After adjustment for confounders, and treating HDP as time‐varying variables, the HRs (95% CIs) for cardiovascular disease in women who had gestational hypertension at least once during follow‐up were 1.57 (1.42–1.74) for stroke (all types), 1.58 (1.39–1.78) for ischemic stroke, 1.62 (1.37–1.91) for hemorrhagic stroke, 1.85 (1.59–2.15) for acute coronary syndrome, 1.37 (1.02–1.83) for peripheral artery disease, 2.92 (2.53–3.38) for heart failure, 2.19 (2.04–2.36) for rhythm and conduction disorder, and finally 1.25 (1.12–1.39) for pulmonary embolism (Figure 2; Table S3). This same subgroup was also 1.98 (1.73–2.27) times more likely to develop chronic kidney disease, 1.33 (1.18–1.5) times more likely to die (all causes), and 2.09 (1.35–3.24) times more likely to die of cardiovascular death. HRs, except for chronic kidney disease, were higher in women who had gestational hypertension at least twice than in those who had it only once, but the difference was not statistically significant.
Figure 2. Adjusted hazard ratios of cardiovascular events according to gestational hypertension or PE and its recurrence.

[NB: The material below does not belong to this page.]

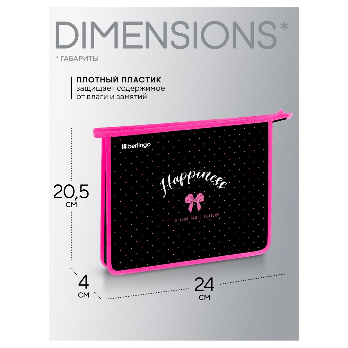 Папка для тетрадей 1 отделение, А5 Berlingo "Happiness", 240*205*40мм, пластик, на молнии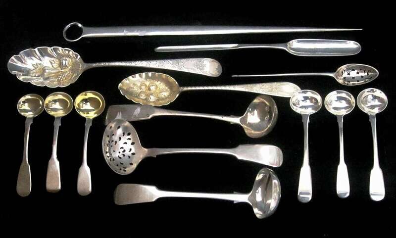 Comprising three fiddle-handled sauce ladles, one pierced, six fiddle-handled salt dips, meat skewer, marrow scoop, two berry spoons and mote spoon.

All models were adjusted for diabetes history, social deprivation, obesity, and tobacco use. Maternal age was used as the time scale. Exposures were treated as time‐varying variables. *The follow‐up time was censored at December 31, 2017 in models analyzing cardiovascular death, because causes of death were available only for the 2010 to 2017 period. GH indicates gestational hypertension; and PE, preeclampsia.
In women who had preeclampsia at least once, the HRs (95% CIs) were 2.67 (2.4–2.96) for stroke (all types), 2.33 (2.04–2.66) for ischemic stroke, 3.48 (2.97–4.07) for hemorrhagic stroke, 2.7 (2.31–3.16) for acute coronary syndrome, 3.3 (2.56–4.26) for peripheral artery disease, 7.75 (6.8–8.82) for heart failure, 1.35 (1.2–1.51) for rhythm and conduction disorder, and 1.92 (1.71–2.15) for pulmonary embolism.
This subgroup was 7.91 (7.11–8.80) times more likely to develop chronic kidney disease during follow‐up, 1.78 (1.55–2.04) times more likely to die (all causes), and 4.37 (2.88–6.63) times more likely to die of cardiovascular death. HRs, except for all‐cause death, were higher in women who had preeclampsia at least twice than in those who only had it once. The difference was only statistically significant for acute coronary syndrome and chronic kidney disease.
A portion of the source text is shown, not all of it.